__EXERCISE__:
Starting at the line holding "Maak een statement" and finishing at the line holding "This silver hare", transcribe the material exactly, keeping both ends but no pictures.

__INFORMATION__:

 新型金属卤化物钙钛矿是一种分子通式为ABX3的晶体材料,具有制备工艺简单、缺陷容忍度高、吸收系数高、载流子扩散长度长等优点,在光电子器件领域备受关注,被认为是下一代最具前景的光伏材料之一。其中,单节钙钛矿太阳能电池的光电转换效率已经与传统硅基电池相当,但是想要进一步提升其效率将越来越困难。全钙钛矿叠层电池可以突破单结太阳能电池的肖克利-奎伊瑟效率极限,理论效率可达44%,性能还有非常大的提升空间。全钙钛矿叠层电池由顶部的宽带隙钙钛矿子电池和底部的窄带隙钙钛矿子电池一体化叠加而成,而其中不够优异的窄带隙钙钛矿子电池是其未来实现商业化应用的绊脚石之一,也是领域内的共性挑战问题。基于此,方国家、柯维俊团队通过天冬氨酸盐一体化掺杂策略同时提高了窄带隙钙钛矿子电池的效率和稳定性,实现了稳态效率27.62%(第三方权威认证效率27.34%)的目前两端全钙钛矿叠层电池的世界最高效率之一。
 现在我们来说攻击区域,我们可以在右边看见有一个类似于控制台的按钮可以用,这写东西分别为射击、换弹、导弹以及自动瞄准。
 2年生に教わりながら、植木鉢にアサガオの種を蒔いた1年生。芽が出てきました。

...

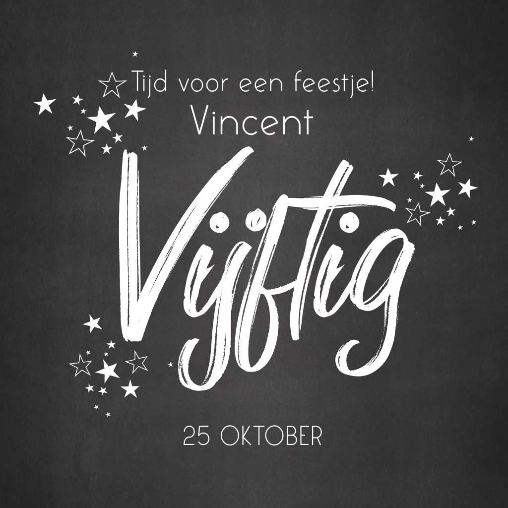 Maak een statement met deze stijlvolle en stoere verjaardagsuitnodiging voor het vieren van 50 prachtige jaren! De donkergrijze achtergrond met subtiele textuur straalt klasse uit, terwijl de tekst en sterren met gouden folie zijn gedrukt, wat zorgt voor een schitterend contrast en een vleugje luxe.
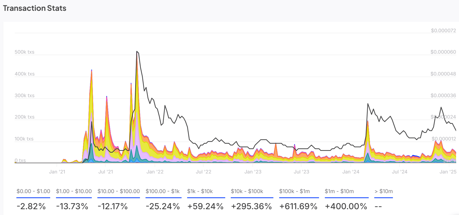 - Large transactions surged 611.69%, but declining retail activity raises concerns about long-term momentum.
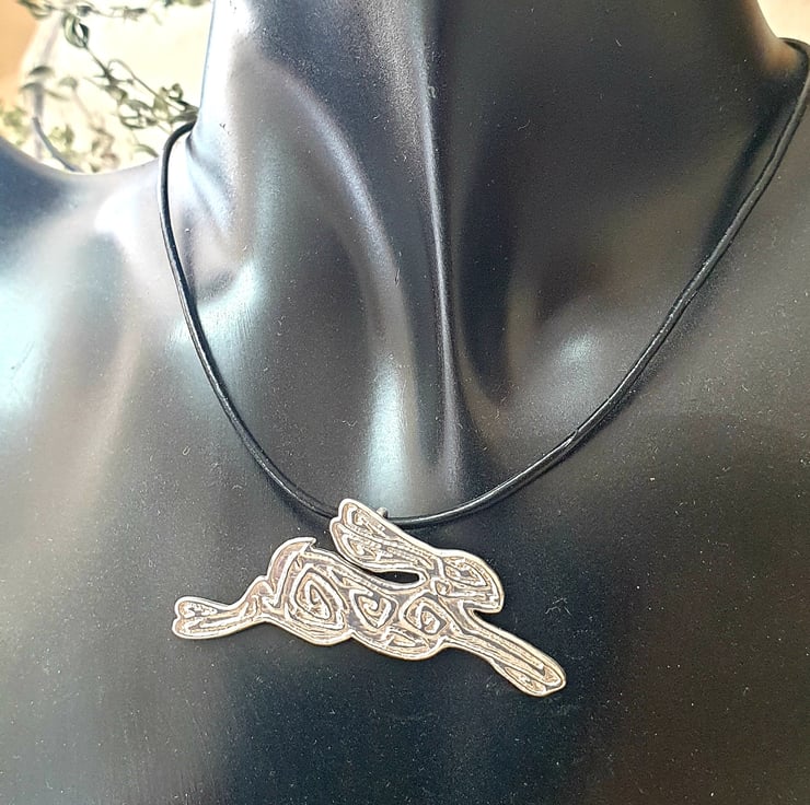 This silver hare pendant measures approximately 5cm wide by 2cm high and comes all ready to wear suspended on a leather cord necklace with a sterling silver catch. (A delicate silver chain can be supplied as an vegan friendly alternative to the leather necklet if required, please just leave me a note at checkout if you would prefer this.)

--

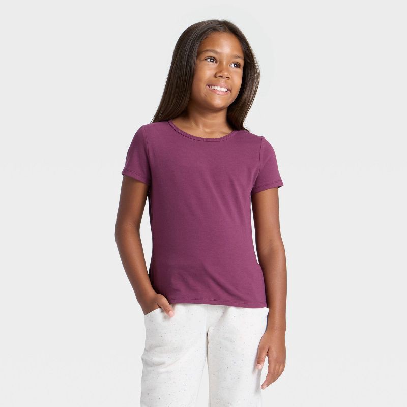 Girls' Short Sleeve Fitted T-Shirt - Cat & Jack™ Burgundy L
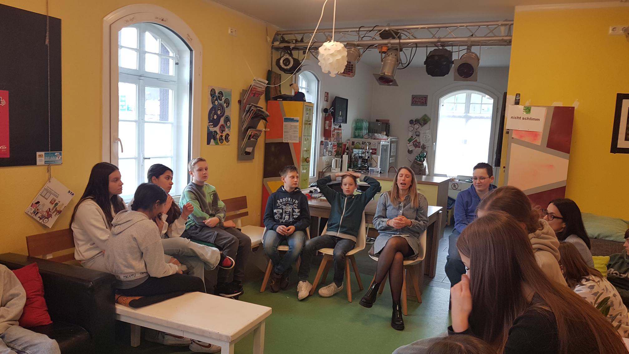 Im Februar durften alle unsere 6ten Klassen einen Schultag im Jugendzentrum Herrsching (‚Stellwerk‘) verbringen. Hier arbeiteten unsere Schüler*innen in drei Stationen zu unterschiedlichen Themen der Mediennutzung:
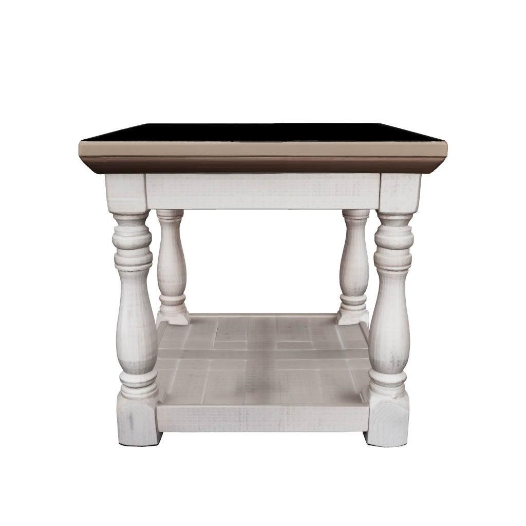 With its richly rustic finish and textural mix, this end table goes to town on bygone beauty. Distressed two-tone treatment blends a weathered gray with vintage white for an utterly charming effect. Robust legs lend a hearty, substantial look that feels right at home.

__TASK OUTPUT__:
 Maak een statement met deze stijlvolle en stoere verjaardagsuitnodiging voor het vieren van 50 prachtige jaren! De donkergrijze achtergrond met subtiele textuur straalt klasse uit, terwijl de tekst en sterren met gouden folie zijn gedrukt, wat zorgt voor een schitterend contrast en een vleugje luxe.
 - Large transactions surged 611.69%, but declining retail activity raises concerns about long-term momentum.
 This silver hare pendant measures approximately 5cm wide by 2cm high and comes all ready to wear suspended on a leather cord necklace with a sterling silver catch. (A delicate silver chain can be supplied as an vegan friendly alternative to the leather necklet if required, please just leave me a note at checkout if you would prefer this.)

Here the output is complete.